Shavuot About the
Holiday Guide
Holiday
Shavuot is a major Jewish festival commemorating the giving of the Torah at Mt. Sinai, and is one of the three pilgrimage festivals mentioned in the Torah. The other two are Pesach and Sukkot. The Hebrew date of Shavuot is the sixth and seventh of Sivan, this year beginning on Saturday, June 4 at sundown and ending on Monday, June 6 at sundown. In Israel, and in liberal Jewish observance, Shavuot is celebrated for one day. The word Shavuot means weeks and the holiday falls on the fiftieth day following the seven-week Sefirah count begun on the second night of Pesach – Sefirat Ha-Omer. Shavuot is known by several names, each of which reveals a facet of the holiday’s character.

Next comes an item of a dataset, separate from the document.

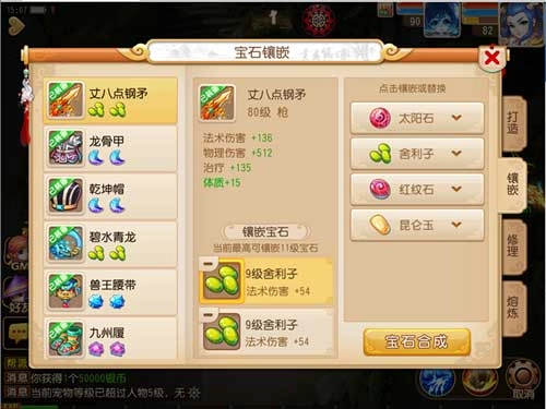 给装备镶嵌宝石可以使其变得更强力,不同部位的装备适配的宝石类型有所不同。装备等级达到30级时,就能为它镶嵌第一颗宝石;等级提升到60级,可镶嵌第二颗宝石;等级越高的装备,能够镶嵌的宝石等级也越高。

Chag Ha-Katzir, Festival of the (wheat) Harvest, and Chag HaBikkurim, Festival of the First Fruits, highlight the ancient agricultural side of the holiday, which has been revitalized in the modern state of Israel. Z’man Matan Torateinu, the season of the giving of our Torah, emphasizes the spiritual and communal aspect of the holiday. At the moment God gave, and the Jews accepted, the Torah at Sinai, a covenantal community was created. God had previously entered into covenantal relationships with individuals. When B’nai Yisrael pledged, “Na’aseh V’Nishma,” We Will Do, And We Will Hear,” the entire community became part of a committed relationship with God. Our Rabbis teach that all of the Jewish people were standing at Sinai, those alive at that time, those yet unborn, and those who during the course of their lives would choose to become Jews. Shavuot is linked to Pesach by the counting of the Omer, and without Shavuot and the receiving of the Torah, Pesach loses its essential conclusion. Without Shavuot, the dramatic liberation of Pesach would merely have let us out into the desert.